Старик захохотал громко, отойдя от взбешенного молодого человека; последний, как увидел, что его угрозы возбудили только смех, кинулся было на него с поднятою рукою. Старик нисколько не изменился, но сильною мышцею удержал руку Громова.
— И, полно, барин, сердиться! — сказал он ему прежним насмешливым тоном. — Признайся-ка лучше, ведь барышня наша хороша, а? что, не правда ли, хороша?
Громов весь вспыхнул; он не знал, что отвечать; он не понимал, как старик, которого он никогда не видывал, мог угадать его тайну; он удивлялся также силе, с коею он остановил его удар, и чувствовал еще отпечатки пальцев, сжавших его правую руку.

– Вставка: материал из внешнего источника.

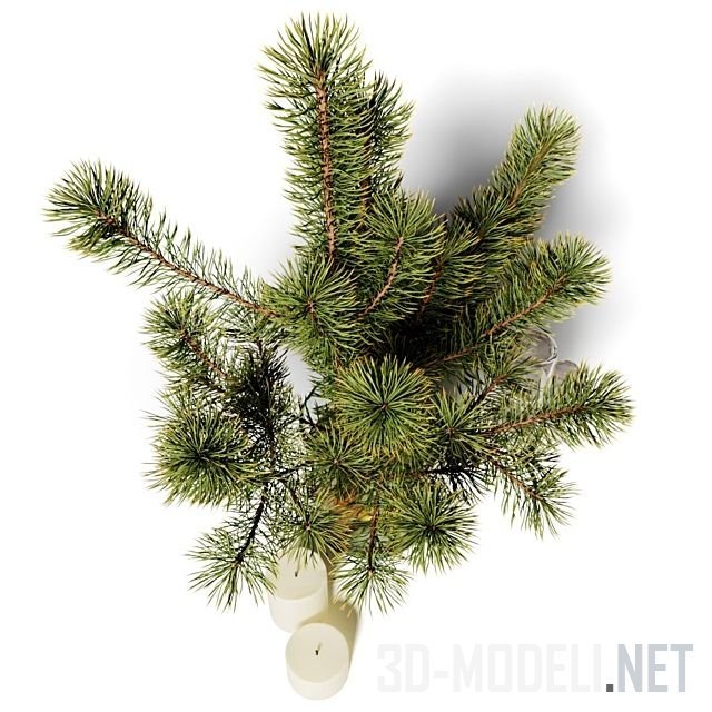 Небольшой набор интерьерного декора с букетом сосновых веток в цилиндрической вазе из прозрачного стекла. Дополняют вазу толстые белые свечи и пара стеклянных песочных часов с белым порошком внутри.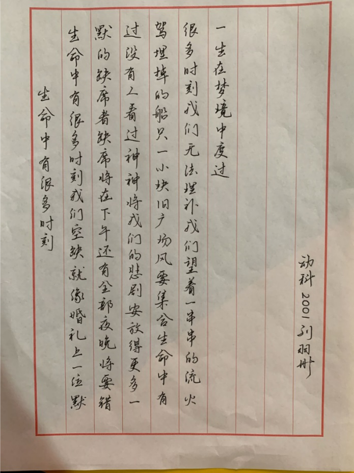 此次书画大赛与作文大赛共收到作品500余份,分别以“青春如诗,为疫而书”、“书写红色记忆,致敬红色经典”为主题,用书画作“试金石”,以写作为“敲门砖”,多方面检验公司新生的即时写作水平和书画创作能力。同学们泼墨挥毫、思绪云骞、各倾陆海用自己的方式表达了自己的爱国之情。最终,动科2001班刘羽彤、动医2002班黎铭心、惟义动科2001班王甜与动医2001班殷理翔 分别斩获书法组、绘画组和作文组第一名。

— Да скажи мне, кто ты? — произнес он наконец с удивлением. — Черт, что ли? Кто тебе сказал, что я люблю..? Да что с тобою говорить? Врешь, старый сумасброд! — и Громов быстрыми шагами и в сильном волнении пошел от него.
— Постой, постой, барин! — кричал ему вслед старик. — Постой, не то будешь сам после каяться.
Громов обернулся.
— Я не черт или, по крайней мере, не сущий черт, — продолжал старик, — а коновал при конном заводе его высокоблагородия Петра Алексеича. Зовут меня Еремеем. В селе нашем многие почитают меня колдуном, а это оттого, что я их умнее. Я знаю, барин, зачем ты к нам так часто стал жаловать. Я это угадал. Что же ты покраснел? Ну, ведь барышня наша настоящая малина! Да вы, молодые люди, не послушаетесь советов старика. А мы кое в чем могли бы и услужить. Прощайте, барин!
Старик, кивнув головою, обернулся и пошел назад. Громов побежал за ним и остановил его за руку.
— В чем, как можешь ты мне услужить? — спросил он его торопливо. — Ну, говори же!
Но Еремей махнул рукою.
— Нет, барин, — сказал он, — я старый сумасброд, ты меня одним тузом отправишь на тот свет к Иуде на поклон; где мне? что могу я?
Громов просил его, предлагал ему деньги, но все было тщетно; Еремей объявил ему только, что он, может быть, когда-нибудь откроет ему средство, коим он успокоит свою страсть.